Collection entries
·····

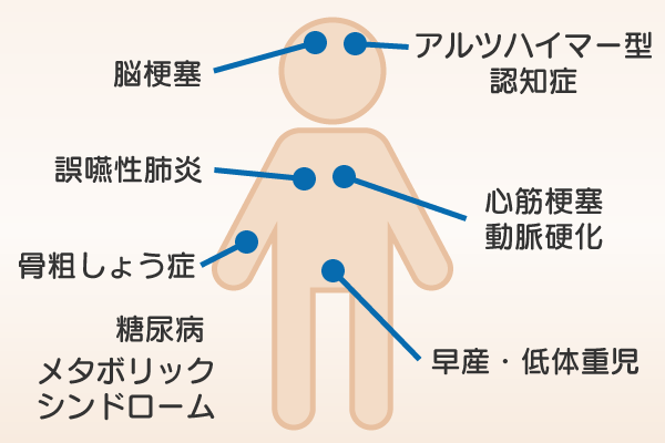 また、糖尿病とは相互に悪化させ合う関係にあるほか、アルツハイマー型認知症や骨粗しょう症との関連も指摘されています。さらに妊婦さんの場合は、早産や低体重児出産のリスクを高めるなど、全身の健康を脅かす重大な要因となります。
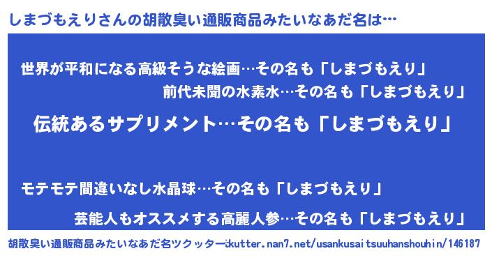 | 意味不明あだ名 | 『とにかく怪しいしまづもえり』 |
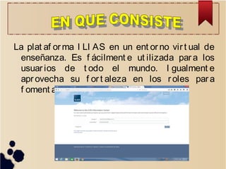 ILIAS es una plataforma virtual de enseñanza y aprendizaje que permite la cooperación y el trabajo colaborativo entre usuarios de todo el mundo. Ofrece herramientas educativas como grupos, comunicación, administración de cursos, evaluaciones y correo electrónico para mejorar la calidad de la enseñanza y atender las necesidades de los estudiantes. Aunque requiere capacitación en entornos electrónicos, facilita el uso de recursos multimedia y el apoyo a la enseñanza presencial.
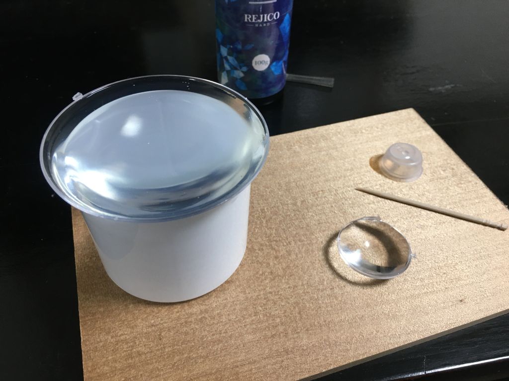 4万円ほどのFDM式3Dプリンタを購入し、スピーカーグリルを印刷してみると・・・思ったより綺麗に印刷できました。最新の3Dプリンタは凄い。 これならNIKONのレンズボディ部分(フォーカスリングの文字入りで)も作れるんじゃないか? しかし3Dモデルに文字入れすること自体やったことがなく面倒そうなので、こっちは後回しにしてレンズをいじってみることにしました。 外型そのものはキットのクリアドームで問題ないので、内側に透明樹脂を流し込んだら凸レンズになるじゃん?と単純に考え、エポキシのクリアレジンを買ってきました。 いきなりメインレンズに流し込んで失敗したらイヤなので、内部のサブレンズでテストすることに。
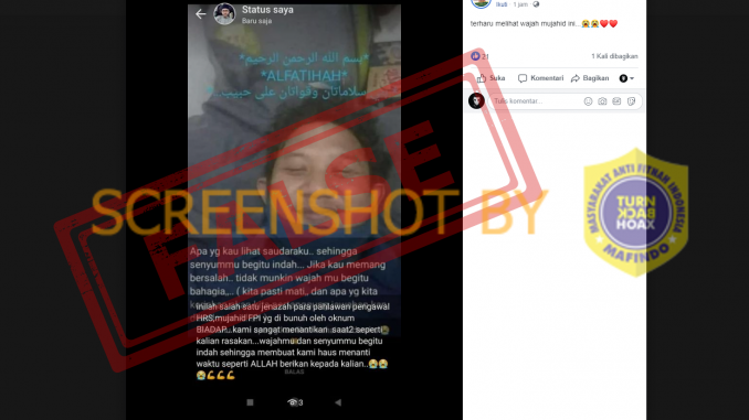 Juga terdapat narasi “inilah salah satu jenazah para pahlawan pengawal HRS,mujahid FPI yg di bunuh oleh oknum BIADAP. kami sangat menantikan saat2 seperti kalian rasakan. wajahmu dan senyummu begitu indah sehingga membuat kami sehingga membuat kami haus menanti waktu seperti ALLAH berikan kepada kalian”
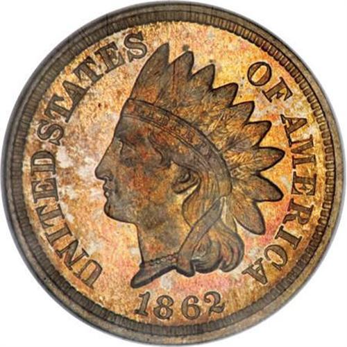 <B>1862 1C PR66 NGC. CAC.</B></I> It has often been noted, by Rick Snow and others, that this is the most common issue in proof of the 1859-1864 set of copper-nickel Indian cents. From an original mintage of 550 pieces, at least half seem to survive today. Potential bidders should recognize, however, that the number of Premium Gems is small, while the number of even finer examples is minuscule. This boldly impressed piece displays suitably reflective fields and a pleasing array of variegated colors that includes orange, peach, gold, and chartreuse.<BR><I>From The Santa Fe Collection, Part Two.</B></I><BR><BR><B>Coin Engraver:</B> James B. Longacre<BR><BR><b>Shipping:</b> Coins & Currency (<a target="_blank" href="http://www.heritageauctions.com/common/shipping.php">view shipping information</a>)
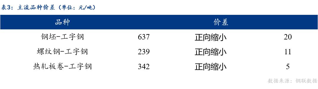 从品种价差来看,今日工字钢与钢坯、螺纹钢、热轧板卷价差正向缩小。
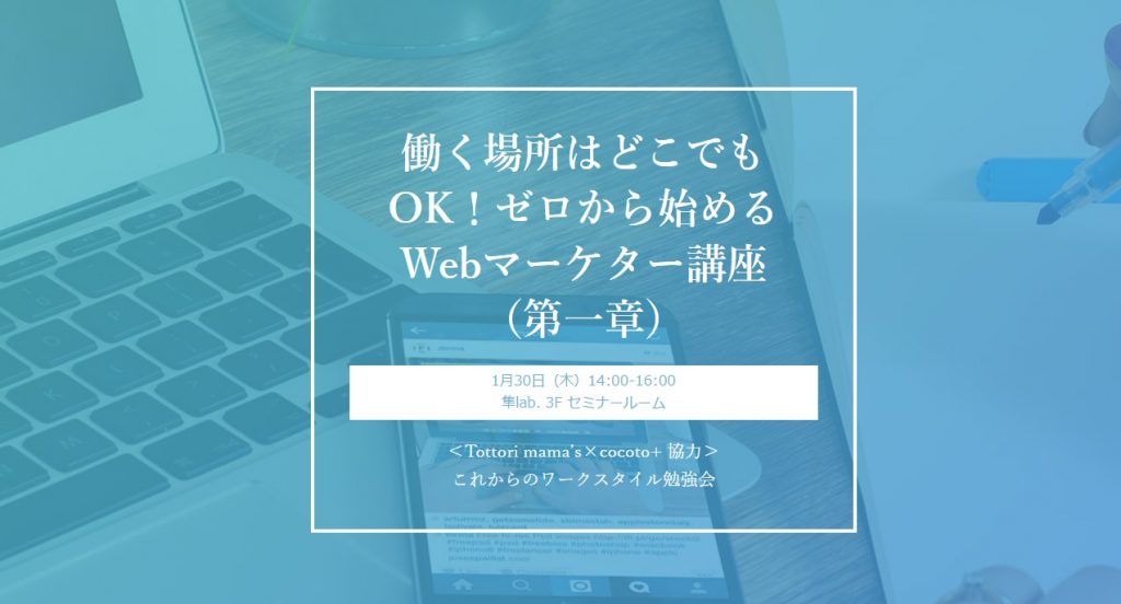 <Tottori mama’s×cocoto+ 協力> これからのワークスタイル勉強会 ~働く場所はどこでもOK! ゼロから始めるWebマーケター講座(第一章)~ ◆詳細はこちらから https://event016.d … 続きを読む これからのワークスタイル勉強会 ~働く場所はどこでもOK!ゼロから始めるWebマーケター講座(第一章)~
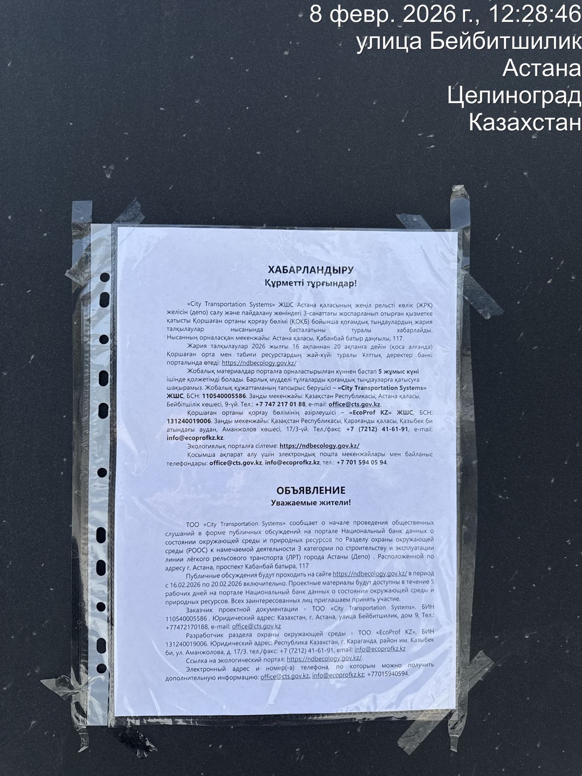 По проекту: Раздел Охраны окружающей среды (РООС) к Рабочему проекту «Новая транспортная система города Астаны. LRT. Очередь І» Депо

·····

■ AIM OF THE TASK: Output exactly the lines from the one that has "从品种价差来看,今日工字钢与钢坯、螺纹钢、热轧板卷价差正向缩小。" through the end of the data. Do not include pictures.

■ TASK ANSWER:
 从品种价差来看,今日工字钢与钢坯、螺纹钢、热轧板卷价差正向缩小。
 <Tottori mama’s×cocoto+ 協力> これからのワークスタイル勉強会 ~働く場所はどこでもOK! ゼロから始めるWebマーケター講座(第一章)~ ◆詳細はこちらから https://event016.d … 続きを読む これからのワークスタイル勉強会 ~働く場所はどこでもOK!ゼロから始めるWebマーケター講座(第一章)~
 По проекту: Раздел Охраны окружающей среды (РООС) к Рабочему проекту «Новая транспортная система города Астаны. LRT. Очередь І» Депо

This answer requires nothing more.